**ACTION ITEM**.
Below this line are records; transcribe exactly the lines between the one holding "40. Dmytriw A.A., Phan" and the one holding "En las pancartas", inclusive, and omit the pictures.

**RECORDS TO PROCESS**.

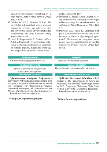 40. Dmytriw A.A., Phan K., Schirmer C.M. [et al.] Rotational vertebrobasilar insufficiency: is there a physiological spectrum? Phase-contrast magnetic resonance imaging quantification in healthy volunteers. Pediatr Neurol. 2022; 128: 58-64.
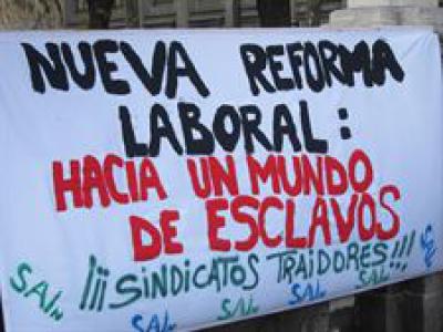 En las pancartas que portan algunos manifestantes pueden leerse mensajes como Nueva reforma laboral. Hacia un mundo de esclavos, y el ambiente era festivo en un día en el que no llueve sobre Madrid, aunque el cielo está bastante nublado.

--

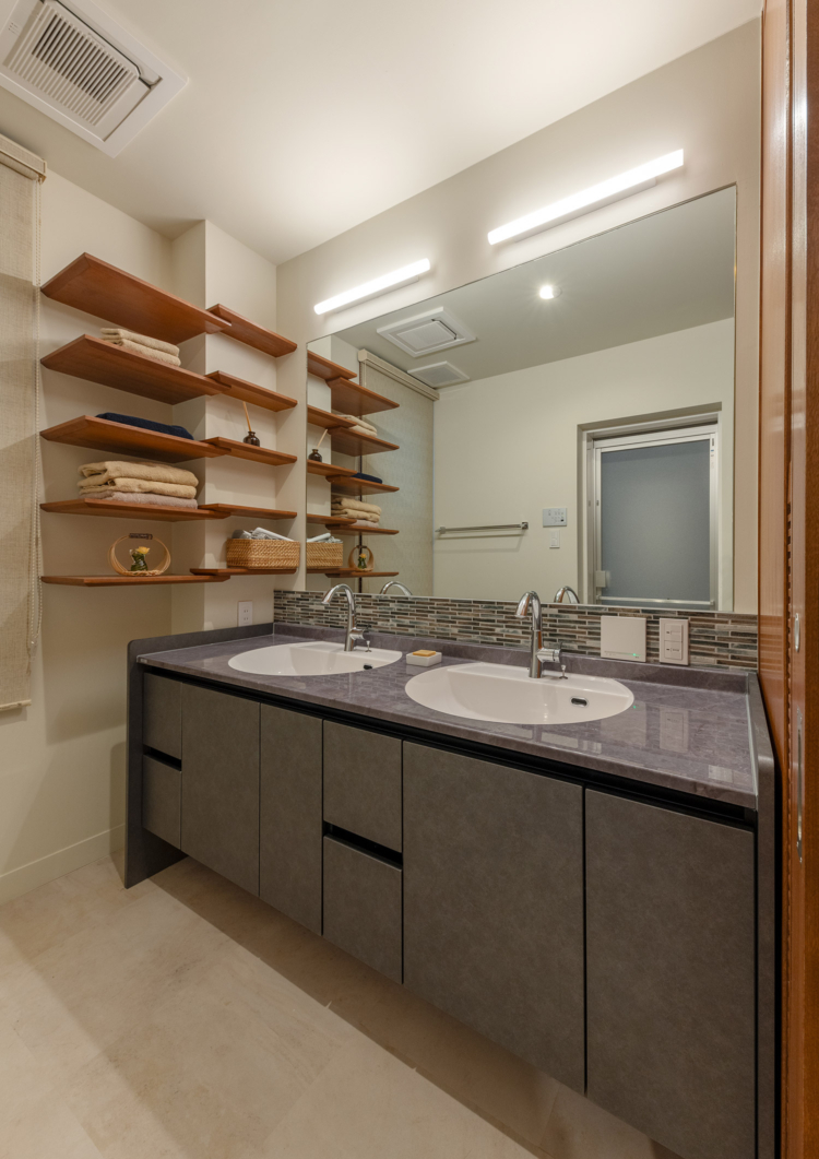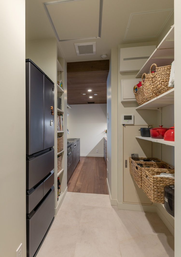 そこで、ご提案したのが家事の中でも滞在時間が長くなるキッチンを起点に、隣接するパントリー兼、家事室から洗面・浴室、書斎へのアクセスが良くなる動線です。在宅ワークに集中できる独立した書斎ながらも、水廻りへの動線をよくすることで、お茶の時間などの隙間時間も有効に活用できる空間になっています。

**SOLUTION TO THE PROBLEM**.
 40. Dmytriw A.A., Phan K., Schirmer C.M. [et al.] Rotational vertebrobasilar insufficiency: is there a physiological spectrum? Phase-contrast magnetic resonance imaging quantification in healthy volunteers. Pediatr Neurol. 2022; 128: 58-64.
 En las pancartas que portan algunos manifestantes pueden leerse mensajes como Nueva reforma laboral. Hacia un mundo de esclavos, y el ambiente era festivo en un día en el que no llueve sobre Madrid, aunque el cielo está bastante nublado.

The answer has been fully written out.